Louboutin and colleagues^71-73 investigated the role of CCR5 in a rat model of seizures provoked by intraperitoneal administration of kainic acid (KA). Four months before KA injection, adult rats were given femoral intramarrow inoculations of SV(RNAiR5-RevM10.AU1), which carries an interfering RNA (RNAi) against CCR5, plus a marker epitope (AU1), or its monofunctional RNAi-carrying homolog, SV(RNAiR5). This treatment lowered expression of CCR5 in circulating PBMC. Controls received unrelated SV(BUGT) vector. In control rats, seizures increased the expression of CCR5 ligands MIP-1α and RANTES in the microvasculature and induced BBB leakage as well as CCR-positive cells, inflammation, neuronal loss and gliosis in the hippocampi. Animals given either the bi- or the monofunctional vector were largely protected from KA-induced seizures, neuroinflammation and BBB damage, and exhibited a decreased production of MIP-1α and RANTES, as well as reduced neuron loss. Brain CCR5 mRNA was reduced in these rats. Rats receiving RNAiR5-bearing vectors showed far greater repair responses with increased neuronal proliferation. Thus, inhibition of CCR5 in circulating cells strongly protected rats from seizures, BBB leakage, CNS injury and inflammation, and facilitated neurogenic repair. These results suggest that inhibition of CCR5 in circulating PBMC can decrease their interaction with endothelial cells, thus reducing leukocyte migration across the BBB, and consequently neuroinflammation and deleterious related events.

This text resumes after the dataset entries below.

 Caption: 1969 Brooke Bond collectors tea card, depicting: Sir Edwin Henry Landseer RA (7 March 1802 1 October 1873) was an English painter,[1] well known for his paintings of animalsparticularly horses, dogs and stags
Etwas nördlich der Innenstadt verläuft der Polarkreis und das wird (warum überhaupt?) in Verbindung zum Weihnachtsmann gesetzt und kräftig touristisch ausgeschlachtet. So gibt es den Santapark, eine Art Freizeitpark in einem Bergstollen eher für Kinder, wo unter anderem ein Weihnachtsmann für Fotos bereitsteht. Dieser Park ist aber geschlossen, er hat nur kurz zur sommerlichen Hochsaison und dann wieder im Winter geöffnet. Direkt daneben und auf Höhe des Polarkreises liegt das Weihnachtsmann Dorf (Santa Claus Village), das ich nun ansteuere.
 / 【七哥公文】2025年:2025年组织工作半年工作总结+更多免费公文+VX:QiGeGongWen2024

The chemokine CCL2 is elevated in brain tissue from patients with pharmacoresistant epilepsy.^{74; 75} Caleo and colleagues^{74; 76} showed a crucial role for CCL2 and its receptor CCR2 in seizure control. Mice with spontaneous seizures and neuropathology resembling mesial temporal lobe epilepsy were systemically injected with lipopolysaccharide (LPS) to mimic a peripheral inflammatory challenge. LPS was found to increase seizure frequency and up-regulate the brain expression of many inflammatory proteins, including CCL2. To test the potential role of CCL2 in seizure exacerbation, either a CCL2 transcription inhibitor (bindarit) or a selective antagonist of the CCR2 receptor (RS102895) was administered systemically. Interference with CCL2 signaling potently suppressed LPS-induced seizure worsening.⁷⁶ Intracerebral administration of anti-CCL2 antibodies also abrogated LPS-mediated seizure enhancement in chronically epileptic animals. These results reveal that CCL2 is a key mediator that link peripheral inflammation with neuronal hyperexcitability.

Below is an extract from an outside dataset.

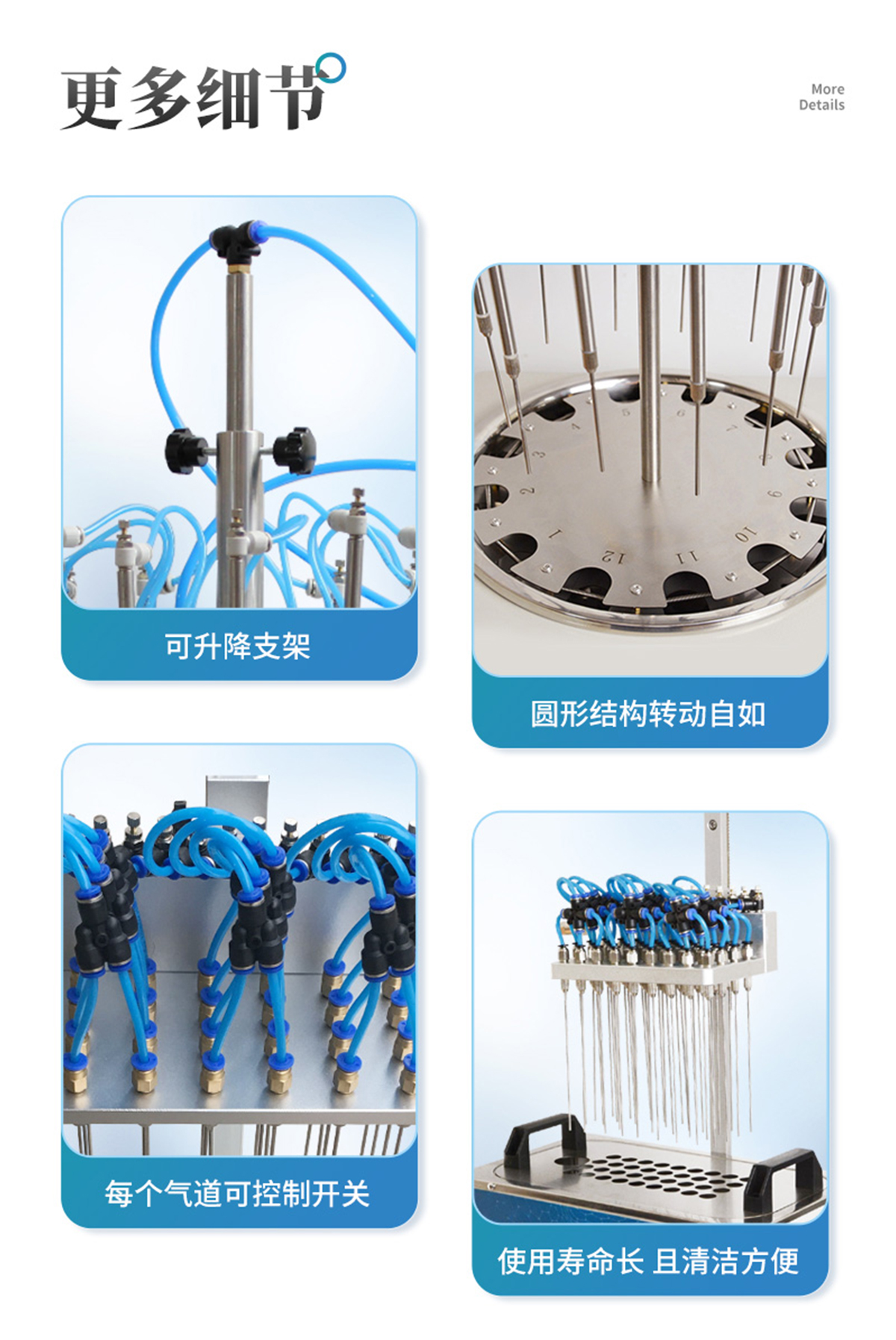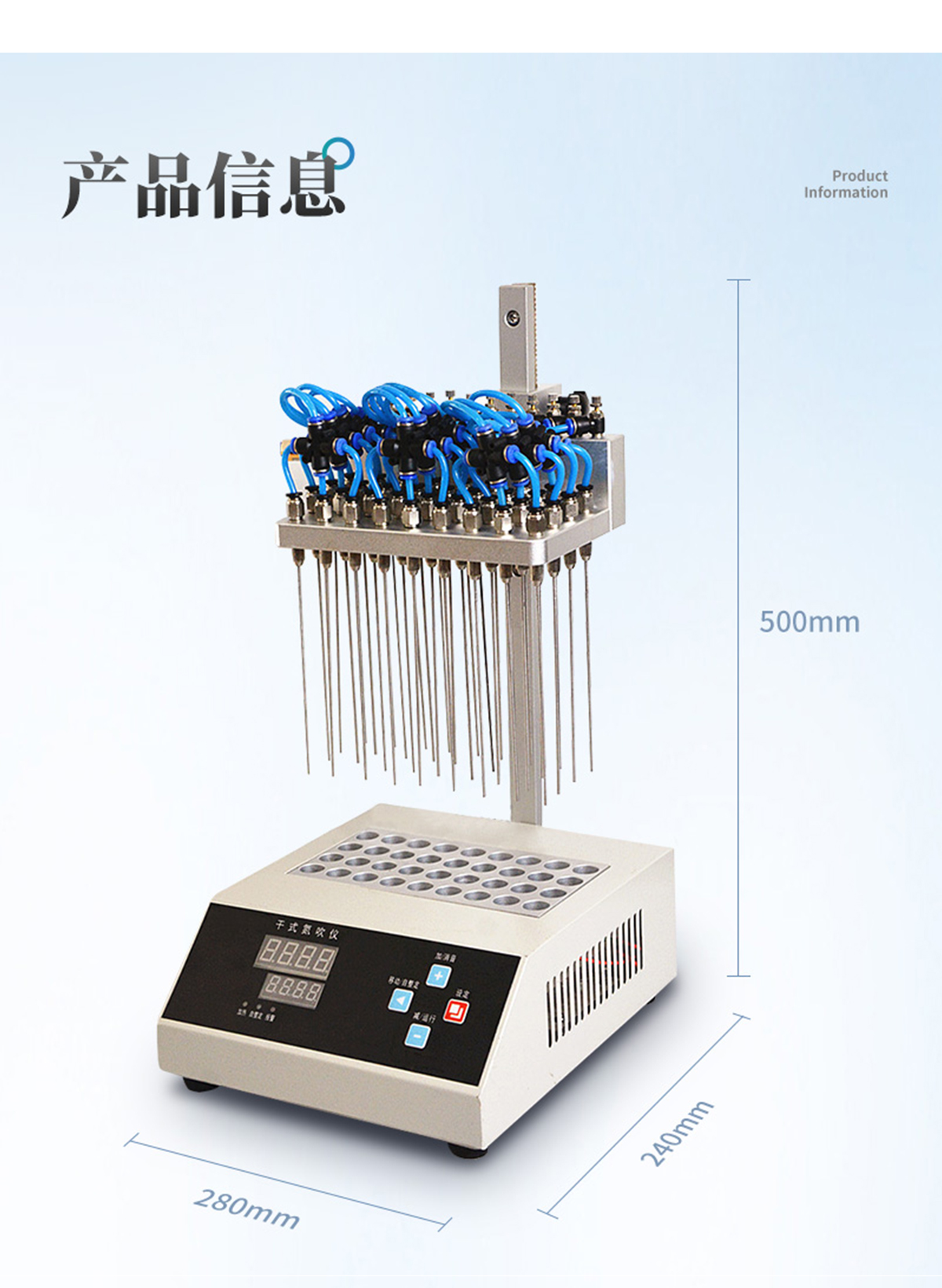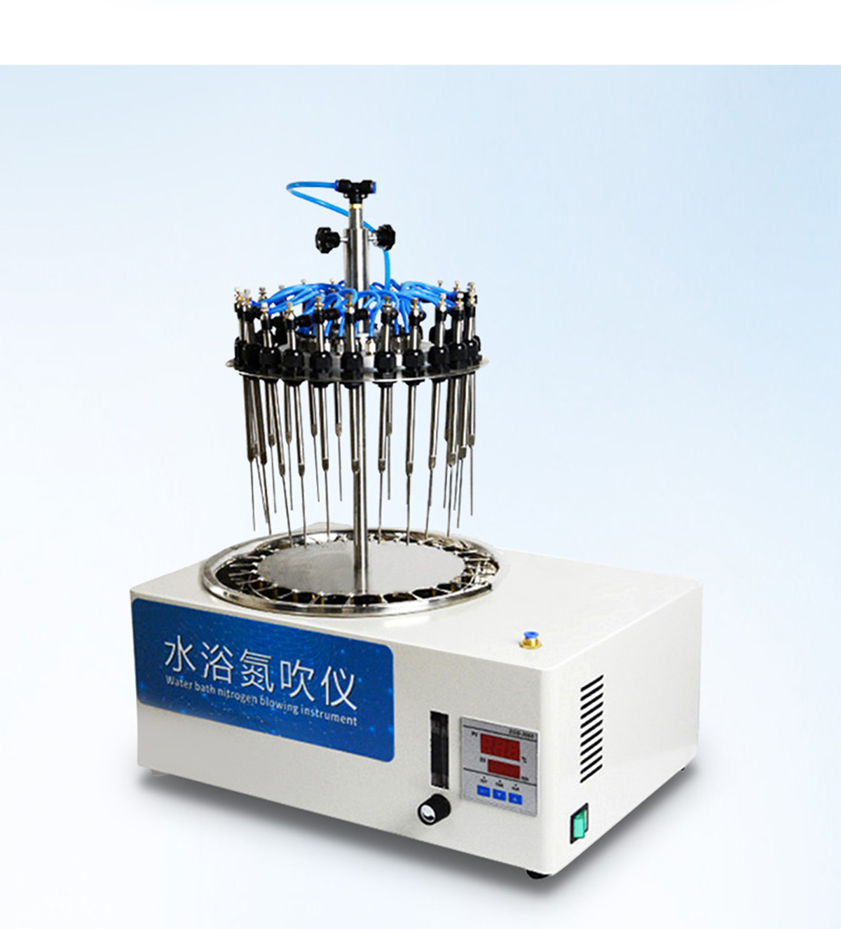 每個(gè)吹針都可以獨(dú)立控制,避免引起交叉污染。儀器氣腔高度可以自行調(diào)節(jié),配備標(biāo)準(zhǔn)氣針長度為15厘米。氮吹儀有36個(gè)氣道控制開關(guān),節(jié)約氣體,每根吹氣針的位置可獨(dú)立改變吹掃位置,使之適用不同的樣品容器及不同的樣品位置在濃縮有毒溶劑時(shí),整個(gè)系統(tǒng)可置于通風(fēng)柜中,降低危險(xiǎn)。內(nèi)置超溫保護(hù)裝置,自動(dòng)故障檢測及報(bào)警功能,方便實(shí)用。儀器有LED顯示屏,溫度同步顯示、時(shí)間遞減顯示,可時(shí)時(shí)觀察溫度變化。具有整體溫度更均勻,加熱速度快本產(chǎn)品還可以作為普通的干式恒溫器使用使用起來更簡便,而且溫度也可以達(dá)到150℃,可以更好濃縮樣品

Palma reported that cytokines and chemokines can both influence GABAA receptor function, although they can exert opposite effects on neuronal synaptic transmission. For example the chemokine fractalkine (CX3CL1) is responsible for a positive modulation of GABAA receptor in human TLE brain because it slows the GABAA use-dependent desensitization (i.e. rundown).75 Differently, IL-1β was found to reduce GABAA-mediated current amplitude by activating IRAK1 and protein kinase C.⁷⁷ In both cases, the effects on GABA currents were intrinsic characteristic of the epileptic brain tissue, since such effects were absent in non-epileptic controls. This observation is explained, at least in part, by an upregulation of the cytokine/chemokine receptors. Interestingly, while in the fractalkine case the receptor’s upregulation may represent an attempt to reduce changes induced by epileptic insults, the IL-1β pathway actively contributes to ictogenesis through the impairment of GABA-mediated neurotransmission.^{77; 78} Altogether, these data indicate that GABAergic system is significantly modulated by inflammatory mediators released in epileptic foci, thus opening a wide scenario of novel therapeutic opportunities for controlling neuronal network hyperexcitability in epileptic patients.

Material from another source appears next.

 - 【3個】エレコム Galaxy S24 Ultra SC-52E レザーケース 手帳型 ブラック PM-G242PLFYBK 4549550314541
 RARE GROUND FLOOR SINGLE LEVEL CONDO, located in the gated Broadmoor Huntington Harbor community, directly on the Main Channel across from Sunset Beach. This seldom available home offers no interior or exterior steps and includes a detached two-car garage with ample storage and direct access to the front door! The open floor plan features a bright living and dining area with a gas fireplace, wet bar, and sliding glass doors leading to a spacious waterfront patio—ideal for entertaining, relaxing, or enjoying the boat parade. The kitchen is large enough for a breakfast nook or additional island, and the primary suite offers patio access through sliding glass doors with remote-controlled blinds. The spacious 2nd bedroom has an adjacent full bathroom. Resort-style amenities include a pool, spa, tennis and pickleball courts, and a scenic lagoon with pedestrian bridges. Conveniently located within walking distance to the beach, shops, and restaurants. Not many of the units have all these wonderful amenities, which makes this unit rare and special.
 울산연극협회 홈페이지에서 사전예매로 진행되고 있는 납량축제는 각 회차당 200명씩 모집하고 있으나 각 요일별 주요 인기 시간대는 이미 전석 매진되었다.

The role of peripheral immune cells

(S. Koh, R. Dingledine)

Koh’s laboratory has pioneered the characterization of inflammatory cell infiltrates in the surgically removed fresh brain samples from pediatric patients in search for novel therapeutic targets. They used an unbiased flow cytometric analysis of inflammatory leukocytes in resected brain tissues from pediatric patients with genetic (focal cortical dysplasia, FCD) or acquired (encephalomalacia) epilepsy. They detected functionally activated lymphocytes within the epileptogenic lesion of both patients and experimental animals. Brain infiltration of inflammatory myeloid cells and memory CD4+ and CD8+ T cells was observed (unpublished observations).77 This is in line with previous observations in both focal cortical dysplasia type IIb and cortical tubers in Tuberous Sclerosis Complex patients.78-81 In particular, T cells are concentrated in the epileptogenic lesion and their numbers positively correlate with disease severity, whereas numbers of regulatory T cells (Tregs) inversely correlate (unpublished observations). T cell-deficient mice systemically injected with KA showed reduction in SE severity while Treg depletion heightened seizure severity. These data support a role for peripherally-derived innate and adaptive immune responses in the pathogenesis of intractable pediatric epilepsy favoring the clinical development and testing of novel immunotherapeutic drugs.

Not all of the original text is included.